## Extracted entries
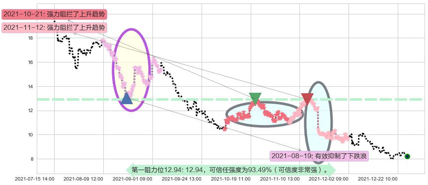 ♘ 阻力价格位12.94,可信任强度93.49%,距离最后交易2021-12-27 15:00形成的收盘价格8.23相差 +57.20%
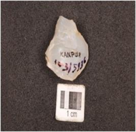 | Description / विवरण | Core, made on chalcedony, seven blade scars with ripple marks on surface. |
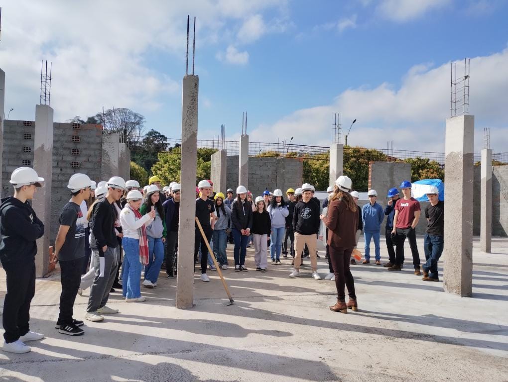 Na tarde de 14 de agosto, estudantes e professores do Curso Técnico em Edificações – Integrado ao Ensino Médio, acompanhados de servidores da biblioteca do Instituto Federal Farroupilha – Campus Panambi, participaram de um momento simbólico e histórico: o assentamento dos primeiros tijolos da nova edificação que abrigará a Biblioteca Moacyr Scliar.
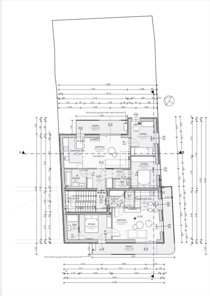 - Tetőtér 4. LAKÁS:81, 26nm (hasznos: 61, 72 nm) + 23, 66 nm Terasz +2, 52 nm Erkély ~ 2 nm tároló.
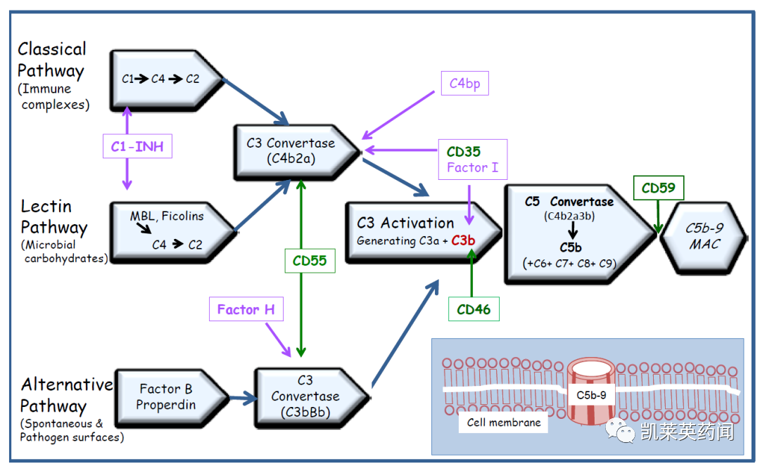 补体系统是先天免疫系统的一部分,补体由经典通路、替代通路和凝集素通路三种途径之一激活,产生一系列蛋白水解裂解,以增强免疫反应或形成膜攻击复合体(MAC)。C1处于经典通路的上游,C3属于三条通路的汇集点,而C5则位于通路末端。在正常情况下,血管内溶血由CD59阻断,CD59能阻止补体反应的最后一步,即阻止在靶细胞上形成孔的MAC。倘若患者红细胞缺乏,将CD59连接至其表面的GPI锚而导致血管内溶血;靶向末端补体C5能阻止MAC复合物的形成,阻断血管内溶血。
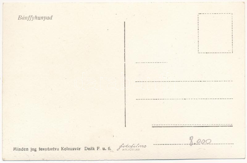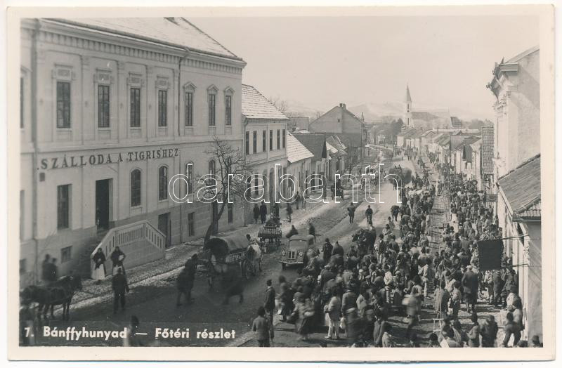 Leírás: Bánffyhunyad, Huedin; Fő tér, Szálloda a Tigrishez, piac / main square, hotel, market
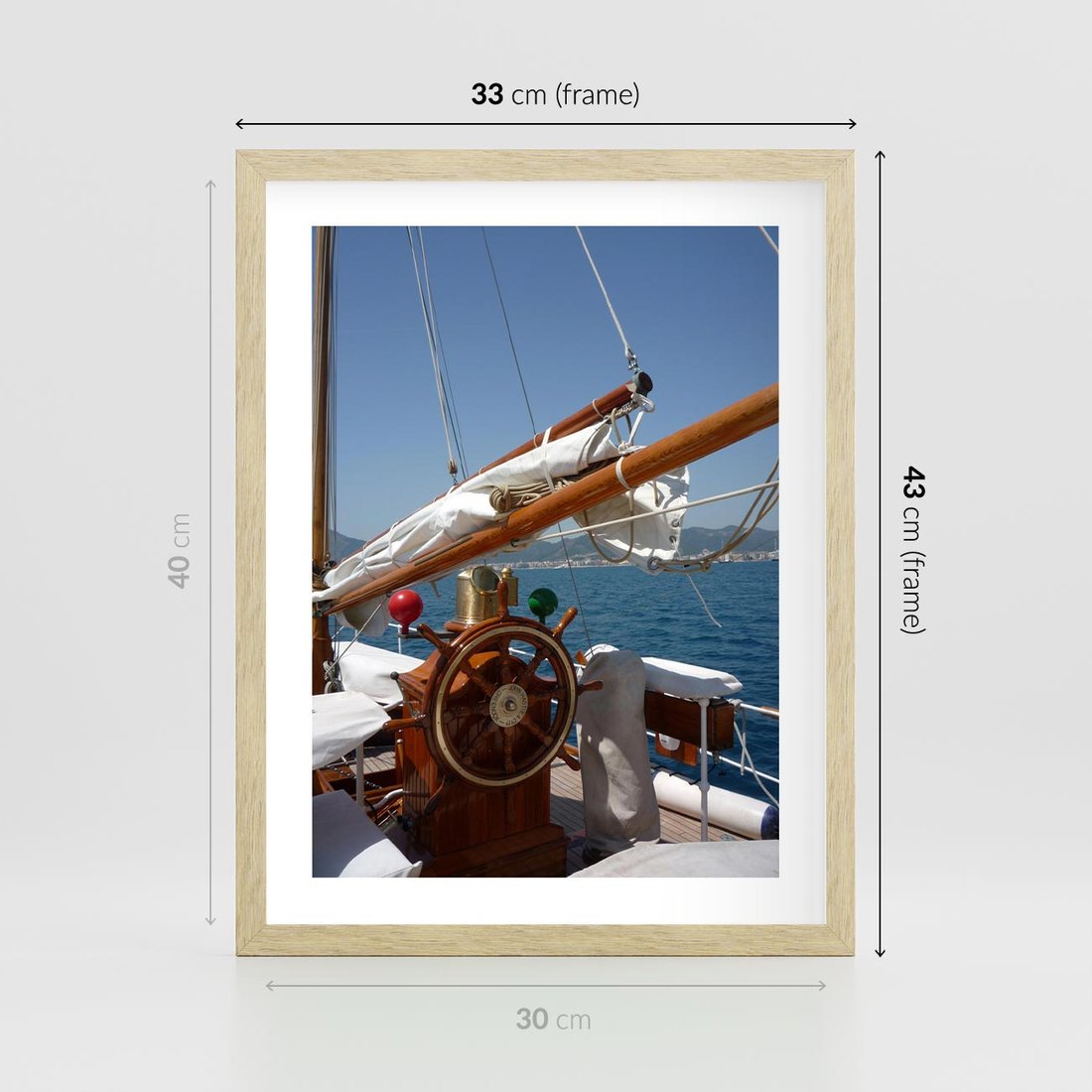 Plakat w ramie 30x40 - Podróż Morska - statek, ster - rama drewno
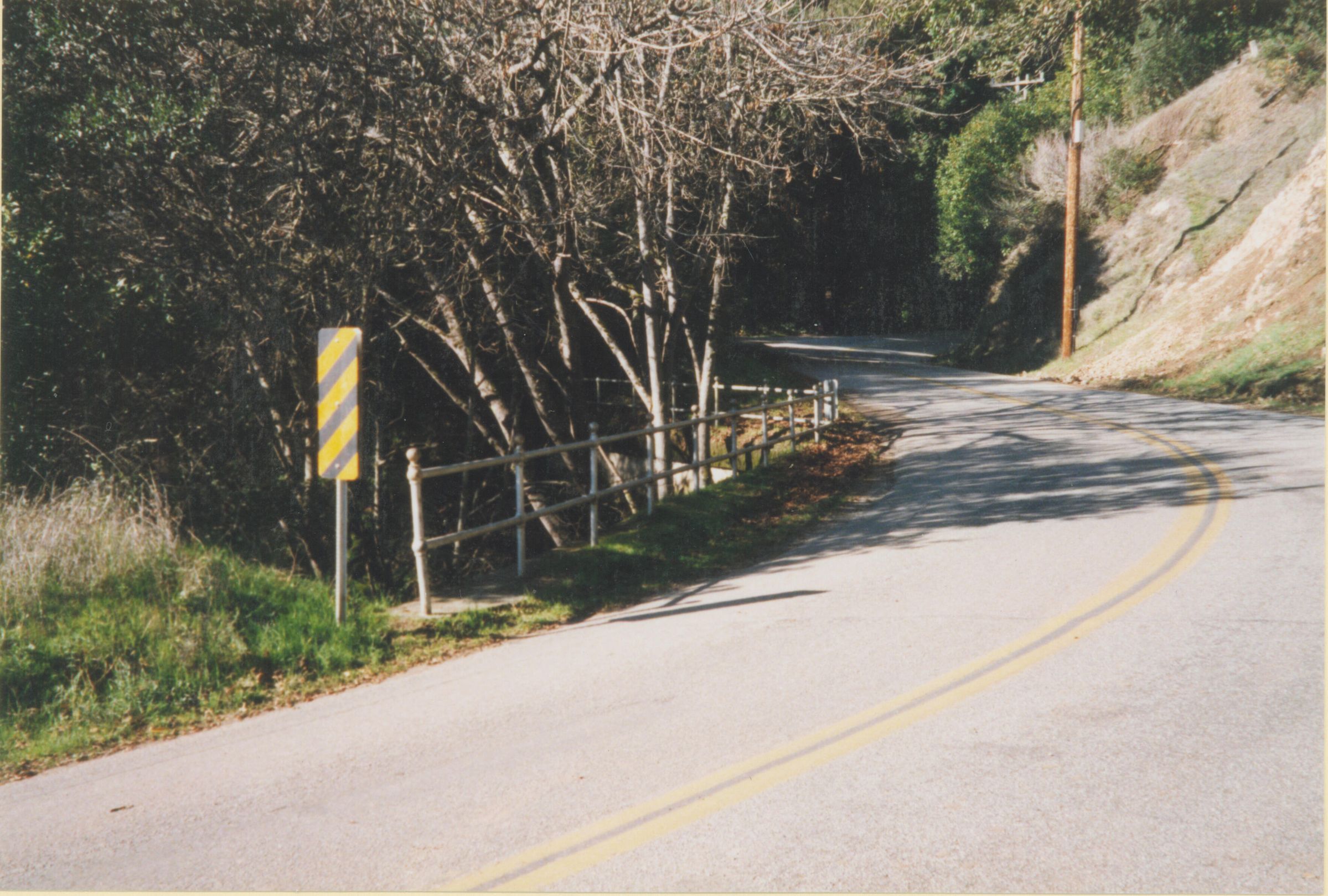 A view from Glenwood Road where, just below the railing is the south portal of the Glenwood-Wrights tunnel on what used to be the right-of-way of the South Pacific Coast R.R. and later the Southern Pacific R.R. LEI067Collection

## Your assignment
Whatever pictures the records hold, omit them; give again exactly the lines from the one containing "补体系统是先天免疫系统的一部" through the one containing "Leírás: Bánffyhunyad, Huedin;".

## Exercise solution
 补体系统是先天免疫系统的一部分,补体由经典通路、替代通路和凝集素通路三种途径之一激活,产生一系列蛋白水解裂解,以增强免疫反应或形成膜攻击复合体(MAC)。C1处于经典通路的上游,C3属于三条通路的汇集点,而C5则位于通路末端。在正常情况下,血管内溶血由CD59阻断,CD59能阻止补体反应的最后一步,即阻止在靶细胞上形成孔的MAC。倘若患者红细胞缺乏,将CD59连接至其表面的GPI锚而导致血管内溶血;靶向末端补体C5能阻止MAC复合物的形成,阻断血管内溶血。
 Leírás: Bánffyhunyad, Huedin; Fő tér, Szálloda a Tigrishez, piac / main square, hotel, market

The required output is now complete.